Lawrence school district mulls 7th period for high schools

Scheduling in the middle

Next year’s sixth-grade students could get more than school lockers as they enroll in middle school.

A new daily schedule for the Lawrence school district’s four middle schools — Central, South, Southwest and West — is in the works for 2011-12 in Lawrence public schools.

Members of the Lawrence school board are scheduled to get an update on the project Monday night. Administrators are scheduled to brief board members during a meeting that begins at 7 p.m. at district headquarters, 110 McDonald Drive.

In general, students increasingly would have more opportunities to take electives as they moved up from sixth grade to seventh, and from seventh grade to eighth.

Next year’s ninth-graders won’t be in junior high school anymore, and the Lawrence school district is working to adjust class schedules to stir the growing curiosity of freshmen while accommodating their relative youth.

Their fellow high schoolers would share in the changing times.

Administrators are putting together plans to schedule seven periods each school day at both Free State and Lawrence high schools, up from the current six. The change would not be expected to change the actual starting or ending times at either high school, but instead inject more choices for all students in between.

“To get seven things you like to do into six squares doesn’t always work,” said Robert Shandy, a counselor at Lawrence High.

The change would be part of the ongoing redesign of district schools, a broad shifting of grade levels to be implemented for next school year: Elementary schools will be for kindergarten through fifth grade; sixth grade will move up into newly designated middle schools; and ninth grade will leave junior highs for high school.

The movement of ninth-graders has prompted many questions, ranging from the practical — will there be enough room for everyone to eat lunch? — to the extracurricular, such as whether freshmen should be able to participate in marching band.
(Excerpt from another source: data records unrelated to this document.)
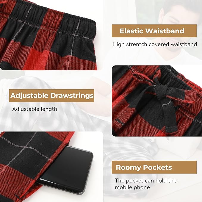 • Comfortable fabric: Men's plaid pajama bottoms is soft, breathable, durable and skin-friendly, perfect for sleeping or lounging.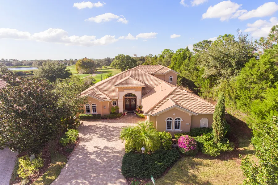 One of the best locations within the gates of Lakewood Ranch Country Club. It has expansive multiple fairway golf views. Magnificent panoramic scenes from sunrise to sunsets. Situated on a cul-de-sac of a dead end street and fronting around about. This privacy of a home has the only practice green directly in its backyard which makes it ideal for active and avid golfers. Only a few steps to the main clubhouse and perfect for walking. As you enter the double door, a dramatic oval tray ceiling with a custom made old world chandelier matching the dining room will catch your discriminating taste. Gibraltar Homes has made this spacious home a very attractive and comfortable residence. The community offers 3 extraordinary 18 hole golf courses designed by Arnold Palmer optional to residents. The luxurious clubhouse has excellent activities for social gatherings, an updated well equipped gym wit...
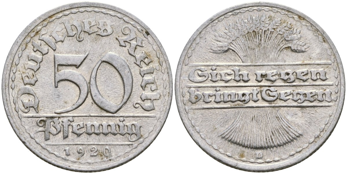 Германия 50 пфеннигов 1920 D KM 27 алюминий 4171-1043

But the format of the actual school day itself long has been a focal point in discussions that began two years ago.

At issue: Each high school now has six periods per day, with an optional “zero hour” available for those seeking additional coursework or scheduling flexibility. Students in junior high, meanwhile, have grown accustomed to their eight periods per day.

With expanded access to electives and course options long touted as a benefit for elevating ninth-graders into high school, administrators knew they’d need to consider adding another class period to the high school day.

If the plan is approved — talks are under way with Lawrence Education Association to see how the changes might fit within the teachers’ negotiated work contract — students rising up through the educational ranks would be able to expect more opportunities to try various courses.

‘More choices’ ahead?

“You get more choices as you move on,” said Frank Harwood, the district’s chief operations officer. “You get to ninth grade and you have lots of choices.”

Current policy requires high schoolers to accumulate 23 credits — in English, social studies, math, science and other requirements — to graduate, a total that includes their ninth-grade years from junior high. If the high schools’ six-period days were retained, a student following a regular schedule would be able to earn only 24 credits.

Going to seven periods a day would give a student a chance to get 28 credits over four years, opening up more opportunities to take elective courses. And that would be an important expansion, considering the district has added more requirements — a third year of science, a fourth year of English — in recent years, Harwood said.

With the district facing ongoing budget stress, he said, the district wouldn’t be looking to actually add many, if any, elective courses.

“(Students) won’t have more things to choose from,” Harwood said. “You’ll just have more opportunities to do things you want to try.”

Class times would decrease, with each period losing about 20 to 25 minutes per week, Harwood said.

“But you get more classes, and the class times being looked at as part of the seven-period day are very similar to those in other districts,” Harwood said. “We think the options we open up with a seven-period day outweigh the loss of class time in any particular course.”

Flexibility vs. time

Shandy, who’s been teaching, coaching, administering and counseling in public schools for 39 years, knows the potential for shorter class periods might prompt concerns about students learning all they need to before graduation. School outcomes, of course, wouldn’t be expected to change.

“You’d have to cover all that material in lesser time,” he said.

Then again, a student taking two music courses — orchestra and choir, for example — might have the opportunity to enroll in a foreign language class. Or an athlete in weightlifting and debate could take part in an art class.

Such is the view from the counselor’s office at Lawrence High, where officials will be ready to arrange whatever schedules district leaders ultimately decide to implement for next year

“There’s a positive and a negative in everything we do in the world,” Shandy said.